Young people also benefit from this bill, as the HEROES Act would provide families with payments for all of their dependents, including college students who were excluded from the stimulus checks provided by the CARES Act. Though young people do not account for the largest share of coronavirus-related cases in the U.S., they constitute a large share of workers in service and retail jobs, two of the most affected sectors in the country.
Meanwhile, millennials, including those in D.C., are navigating the complicated structures of education and the job market. Now, all of the elephants in the room are forced to reveal their true identities as inequities across the District are unfolding one by one. Many families must choose between supporting distance learning for their children and going to work to feed their families. Residents are navigating the unemployment system, hosting virtual graduations, losing summer internships and jobs, and being forced to live in unsafe living situations, say writers at The Atlantic. Others are stuck in the pits of recession and fear, and despite dwindling faith in their leaders to resurrect the city from this unprecedented disaster, residents still have the power to control which leaders they will choose to lead them through the end.
DC Young Democrats is charging younger residents, especially those between the ages of 13 and 35, to use their voting power to challenge the systems that impede D.C.’s ability to successfully recover. Blemur notes that, “It is going to be imperative that we have folks on the council who are going to be able to act on this because it can’t be successful without them encouraging their constituents.”
She adds that, “We’re going to need our congresswoman and our mayor and our council working together to make sure that we are reopening in a way that makes the most sense, that is the safest, and that minimizes the economic blowback [of the pandemic].”
This election year is more than simply choosing the next president of this country. The pandemic has revealed which leaders are equipped to handle the job and which do not have the interests of their communities at the forefront of their agendas.
“Progress requires your participation,” Blemur impores. It looks like signing up for ballots and following the campaigns and recognizing the nuances of recovery, even when it appears unmoving.

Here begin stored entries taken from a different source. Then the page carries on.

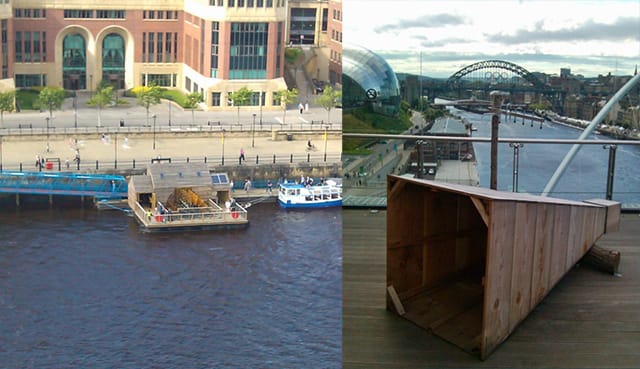 “~Flow” consists of two parts: a paddle mill constructed on a small pontoon that sits in the water on the opposite side of the River Tyne from BALTIC. Microphones in the water pick up various sounds and transmit them to an aerial situated on the fourth floor viewing platform of the museum. The aerial is attached to a wooden horn, which emits a variety of slurps, bloops and buzzes, that change according to such factors as the rate of the water’s passage over the paddle mill, the alkalinity of the water and so on. The piece combines crude technology with elegant design, and serves to unite different spaces and places — water and air, noise and silence, river and buildings, above and below — in a thought-provoking and imaginative away.
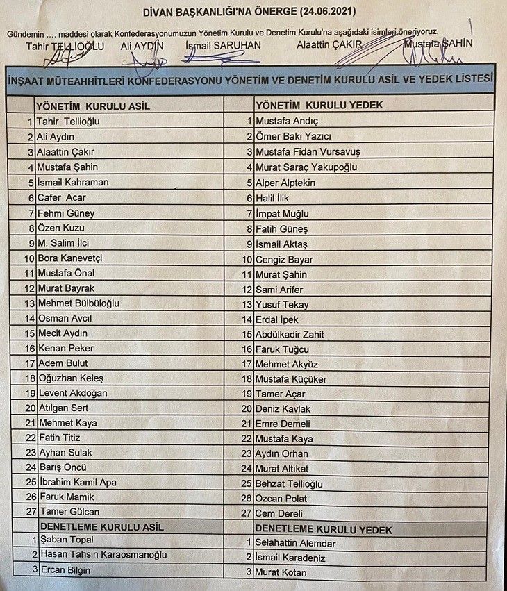 24 Haziran da gerçekleşen İMKON(İnşaat Müteahhitleri Konfederasyonu) olağan genel kurulu yapıldı kurulda tek isimle seçime gidildi Tellioğlu tekrar güven tazeledi.
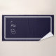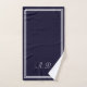 Elegantes und modernes personalisiert marineblaues Handtuch mit Initialen. Verwenden Sie die Entwurfswerkzeuge, um Text und Schriftart zu ändern. Gut als Geburtstag- oder Urlaubsgeschenk.
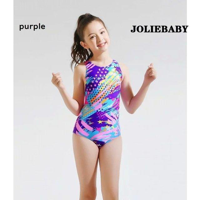 夏新作 子供水着 女の子ワンピース水着 ビーチ用品 海水浴 水遊び パープル オレンジ ローズ ガールズ スクール競泳水着 速乾撥水 水遊び プール 水泳教室練習
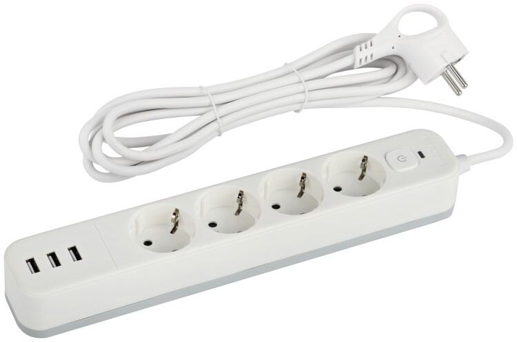 Сетевой фильтр Intro SFE430-3xUSBA-W с заземлением, с выключателем, 4 розетки, 3USB, провод 3 м, ПВС 3x0,75мм2. Базовый уровень защиты техники: от импульсных помех, от перегрузки, от короткого замыкания. Максимальная мощность 10А/2200 Вт. Корпус из негорючего пластика (полипропилен). Вилка обеспечена кольцом для удобного извлечения ее из розетки. Выключатель со световой индикацией позволяет выключить все приборы, подключенные к сетевому фильтру, не вынимая вилки из розетки. Отлично подойдет для защиты бытовой и компьютерной техники. Сетевой фильтр оснащен 3USB для зарядки мобильных устройств.
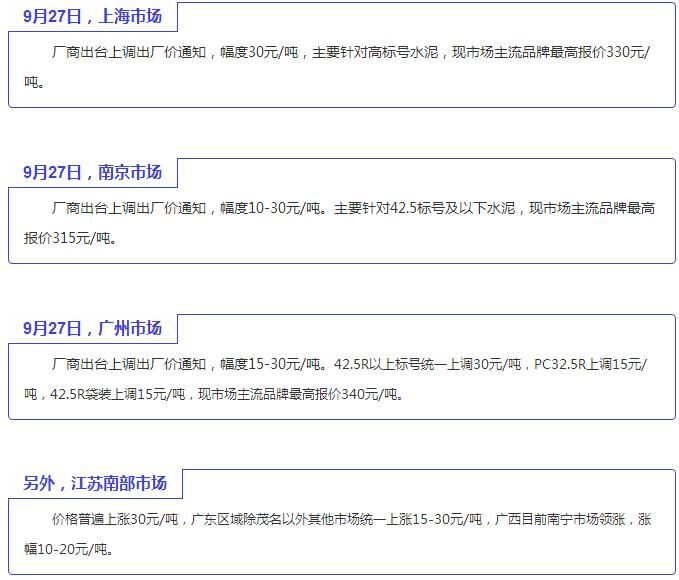 水泥方面,東北地區(qū)即將進入往年慣例長時間的停窯限產階段,避免產能過剩,穩(wěn)定現(xiàn)有價格,因此短期內價格波動的可能性不大。華北地區(qū)行情持續(xù)升溫,水泥銷售情況良好,再加上停窯措施落實到位。從現(xiàn)階段市場進度來看,預計10月中上旬水泥價格進行上調。
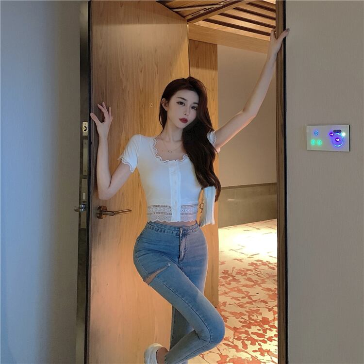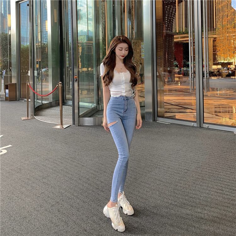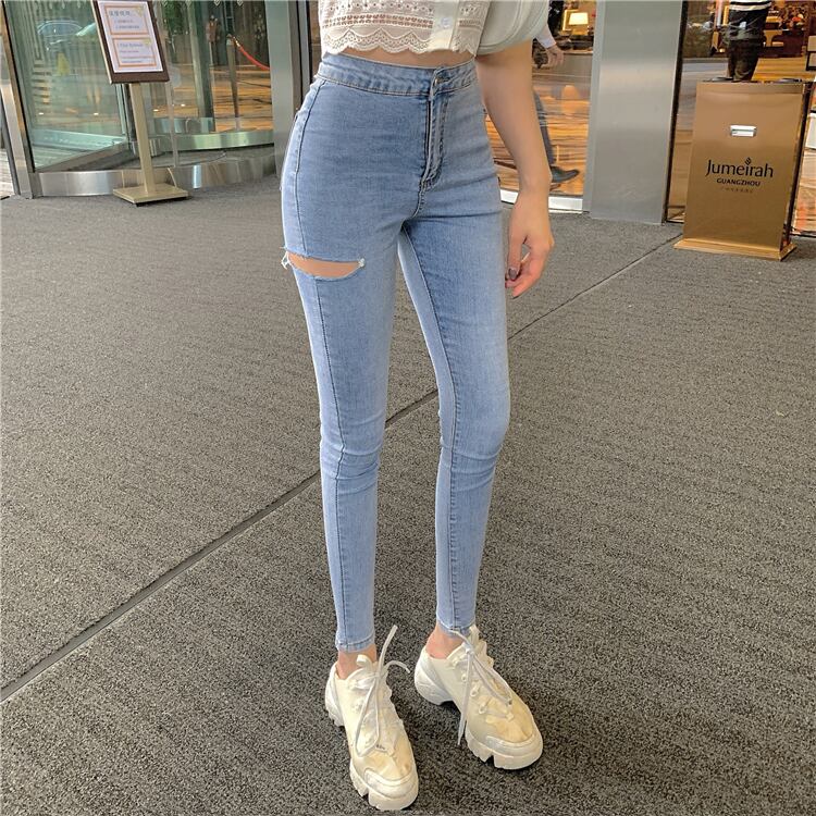 女性の秋のハイウエストオールマッチパンツに穴の開いたタイトフィットストレッチブルーペンシルジーンズ、細い足の9ポイントパンツ ブラックストロベリース70561309375
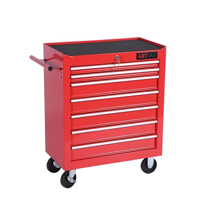 Item Width: 12.9 in gtin13: Does Not Apply UPC: Does Not Apply Material: Steel Finish: Powder Coating Item Weight: 55.11 lb MPN: Does not apply Brand: ARTMAN Item Length: 24.22 in Type: Tool Chest Item Height: 29.9 in Number of Drawers: 7 Country/Region of Manufacture: China Color: Red Features: Lockable, Wheels, With Handle
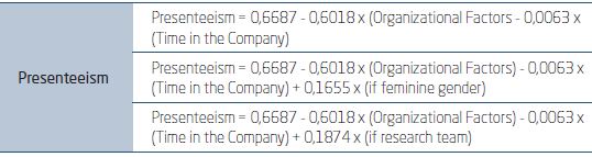 Gender also appears as a dimension of influence, and allows identifying that, in the reality of the organization studied, presenteeism is more perceived among women. Likewise, the model shows that presenteeism tends to be more frequent in research teams than in support teams.
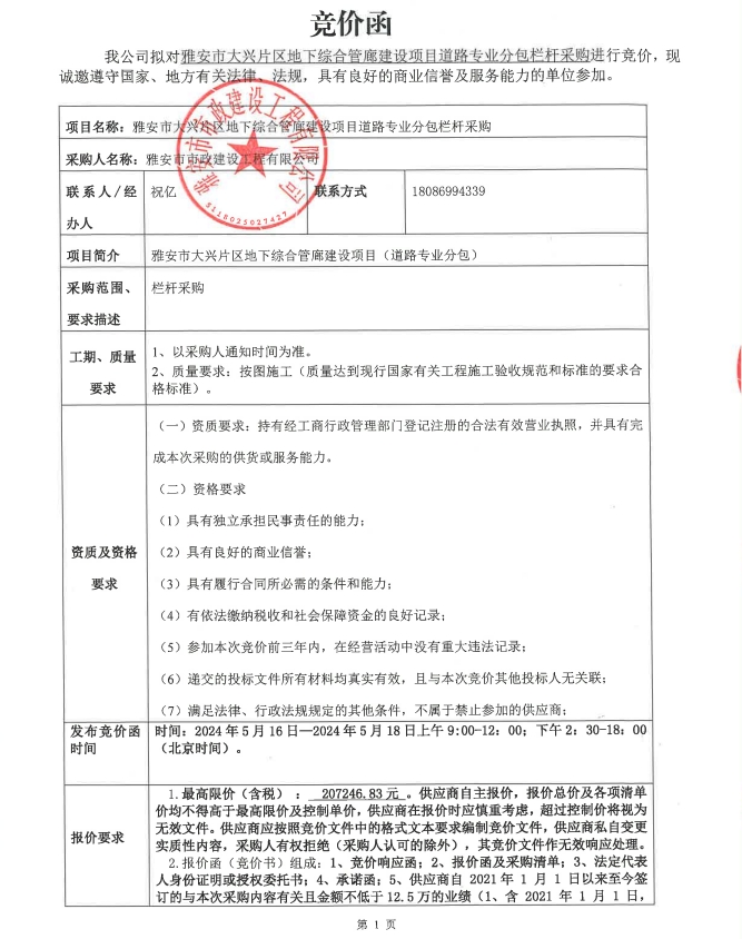 雅安市大興片區(qū)地下綜合管廊建設(shè)項(xiàng)目道路專業(yè)分包欄桿采購競價(jià)公告
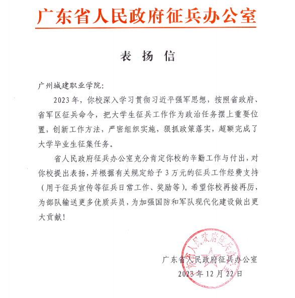 近日,我校收到廣東省人民政府征兵辦公室表揚信,對我校2023年征兵工作予以表揚。
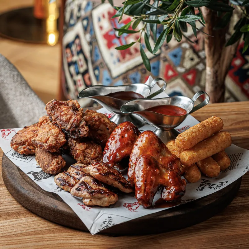 крылья BBQ / крылья американские / сырные палочки / шашлык из куриного бедра/ соусы
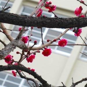 中庭の梅の木が、寒さの中で凛とした美しい花を咲かせています。
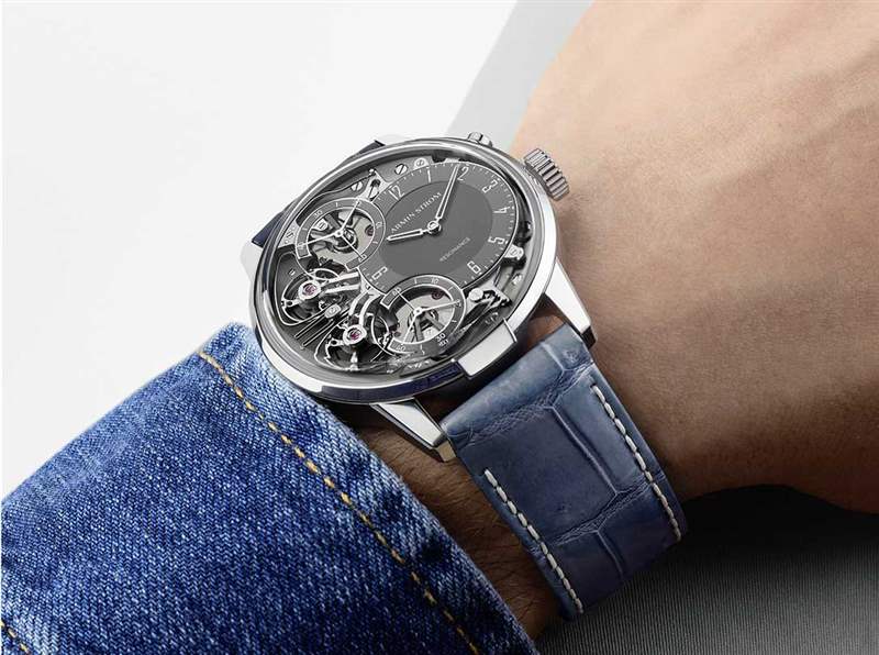 共振現象首先由克里斯蒂安·惠更斯(Christiaan Huygens,1629-1695)發現,共振現象是指物體在受到隨時間周期變化的力時吸收能量的能力。兩個世紀后,在制表領域,得益于亞伯拉罕-路易·寶璣,這種傳動是通過兩個相互作用的元素產生振動來實現的。這種布置具有顯著的優勢:它保證了計時的穩定性。2016年,Armin Strom引入了對此的當代解釋,這要歸功于巧妙的機制。一個擺輪將能量傳遞給另一個吸收能量的擺輪。這種專利解決方案有什么特別之處?為了在兩個組件之間形成物理連接,需要一個可脫離的彈簧。這個彈簧在視覺上突出了兩個輪子向相反方向轉動的共振現象。今年的鏡面力量共振腕表采用全新的美學設計,令人欽佩ARF21機芯的運行。

Certainly, D.C. statehood would improve the District’s recovery plan and provide much-needed support to thousands of students, families, and businesses that continue to navigate the burden of this virus. A revised version of H.R. 51 that was introduced as H.R. 5803, or the Washington, D.C. Admission Act has not seen movement since early February. Despite the lack of momentum around this particular bill, voters still have the power to challenge their local leaders, force them to make decisions that fight for their residents, and give the people the agency they’ve been demanding for decades.